## Exercise aim
Without pictures, output exactly the lines running from the line containing "Rücklicht mit Bremslichtfunktion, Nummernschildbeleuchtung" to the end of the listing below.

## Given information
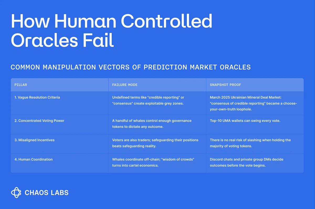 这个问题远远超出了 Polymarket 和 UMA 的范围。人为控制的预言机容易受到各种操纵和激励设计陷阱的影响。
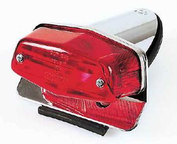 Rücklicht mit Bremslichtfunktion, Nummernschildbeleuchtung in verchromtem Metallgehäuse und Nummernschildhalter. Maße Breite unten ca. 95mm, oben ca. 85mm, Höhe ca. 40mm, Gesamttiefe mit Gehäuse ca. 145mm. E-geprüft.
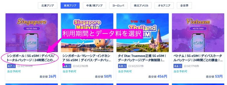 Trip.comのeSIMの料金は、渡航先の国・地域、利用期間、データ容量によって異なります。
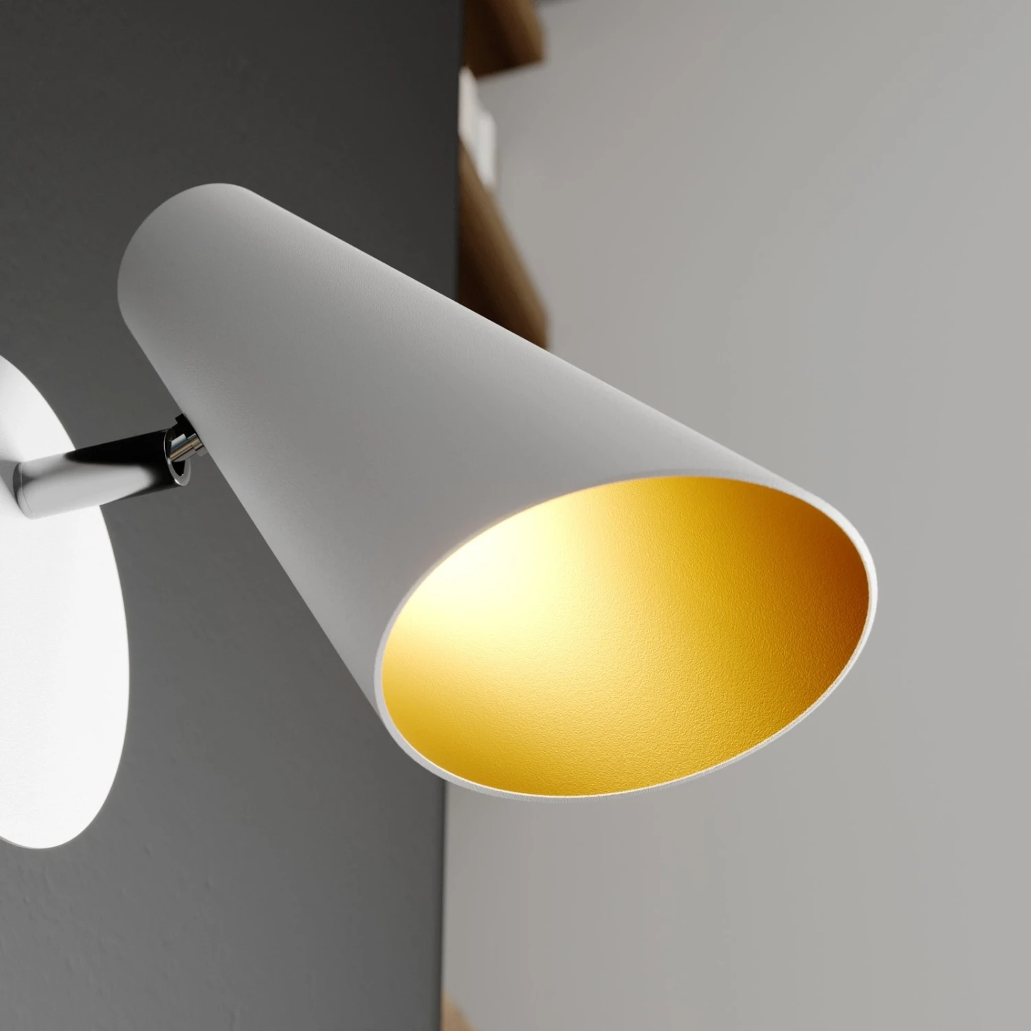 Die modern gestaltete Wandleuchte Wibke orientiert sich optisch am skandinavischen Stil. Ihr Lampenschirm ist konisch gearbeitet und im Innern golden lackiert. Bei Einschalten des Lichts erzeugt die ansonsten reinweiß gehaltene Wandlampe eine angenehme und wohlige Atmosphäre. Ein praktischer Schalter, der direkt auf der Oberseite des Schirms angebracht ist, macht die Bedienung der Lampe Wibke kinderleicht. Der Lampenschirm ist zudem beweglich, womit die Ausrichtung des Lichts individuell angepasst werden kann. Das macht Wibke zu einem modischen Zusatzlicht für die Leseecke oder das moderne Wohnzimmer.

## Result below
 Rücklicht mit Bremslichtfunktion, Nummernschildbeleuchtung in verchromtem Metallgehäuse und Nummernschildhalter. Maße Breite unten ca. 95mm, oben ca. 85mm, Höhe ca. 40mm, Gesamttiefe mit Gehäuse ca. 145mm. E-geprüft.
 Trip.comのeSIMの料金は、渡航先の国・地域、利用期間、データ容量によって異なります。
 Die modern gestaltete Wandleuchte Wibke orientiert sich optisch am skandinavischen Stil. Ihr Lampenschirm ist konisch gearbeitet und im Innern golden lackiert. Bei Einschalten des Lichts erzeugt die ansonsten reinweiß gehaltene Wandlampe eine angenehme und wohlige Atmosphäre. Ein praktischer Schalter, der direkt auf der Oberseite des Schirms angebracht ist, macht die Bedienung der Lampe Wibke kinderleicht. Der Lampenschirm ist zudem beweglich, womit die Ausrichtung des Lichts individuell angepasst werden kann. Das macht Wibke zu einem modischen Zusatzlicht für die Leseecke oder das moderne Wohnzimmer.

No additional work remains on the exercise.